Two blurbs are to be found on the back of Seven Days of Mourning. Bernard Malamud describes the book as “imperfect” but still “an original feat of the imagination. It cleanses and purifies through love for the human being.” The other comment is by the critic Albert J. Guerard: “At his best [Simckes] challenges, for outrageous and ruthless invention, both Isaac Babel and Bernard Malamud. The novel is sad, funny, insufferably and excitingly human.” Ordinarily blurbs aren’t meant to mean much and it’s a cheap tactic to take an advantage of them, but these two happen to signify pretty well the terms of the literary cachet of American-Jewish fiction just now, which not even a book such as Simckes’s seems able to question, much less reduce.
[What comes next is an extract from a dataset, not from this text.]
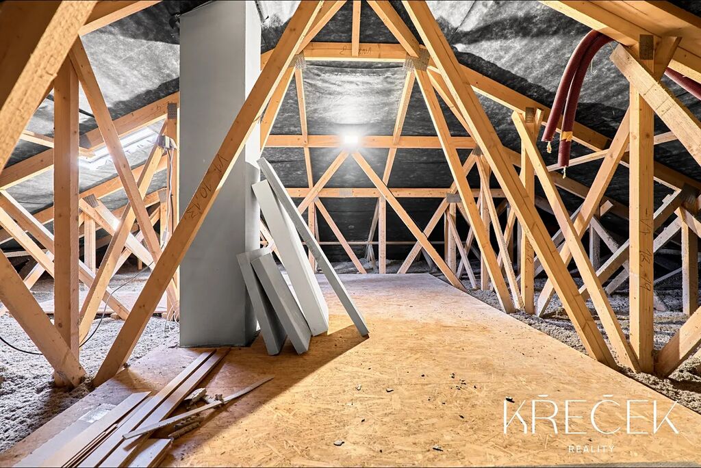 Na pozemku je retenční nádrž 12 m³, před domem jímka 12 m³ s možností budoucí úpravy na domácí čističku odpadních vod. Součástí domu je pochozí půdní prostor vhodný ke skladování a pohodlné parkování přímo před domem.

This fiction, so its reputation goes, is full of “invention” (imagination, vitality, wildness, etc.) and it is human (compassionate, loving, radiant with insight, etc.). Since genuine vitality and humanity are in short supply these days in fiction, as everywhere else, one can understand why they should be so much appreciated and why pretensions to them should be so easily confused with the real thing. However, as conventions of a new genre of Jewish folk writing represented by these two novels as well as by, say, Norman Fruchter’s Coat Upon a Stick, or Edward Adler’s Notes from a Dark Street, they derive from a patently tenuous and arbitrary, when not also narcissistic, relation to the folk material that provides their basis. The truth is that as one moves from Babel to Malamud to a writer like Simckes, the use of this material becomes increasingly exploitative (“outrageous, ruthless”) in the separation of supposedly Jewish values and modes of behavior from the actual culture in which they were part of a coherent way of life and through which they gain their authority as aspects of human behavior and value as such. Jewish character, color, idiom, tradition, etc. used merely as literary props to achieve distinctiveness or as a kind of trampoline upon which assimilated young writers find they can perform will inevitably lose their integrity, become inauthentic, and more likely than not, turn into the grotesque both in subject matter and treatment. “I was, with God’s help, a poor man,” says Sholem Aleichem’s Tevye, with the complete aptness, the lack of literary distortion given to a folk artist who is in perfect touch with his world. But once the common folk life and the expressive purposes to which it is put become separated, either through the writer’s intention or ignorance, he enters the realm of the inauthentic, which takes a great deal of moral autonomy and art to redeem. For folk material has a way of taking its revenge upon the writer who is exploiting it. In the case of Adler and Fruchter it dries up and becomes abstract; in the case of Charyn it flickers intermittently and goes out; in the case of Simckes it quickly sickens, dies, and rots in his hands.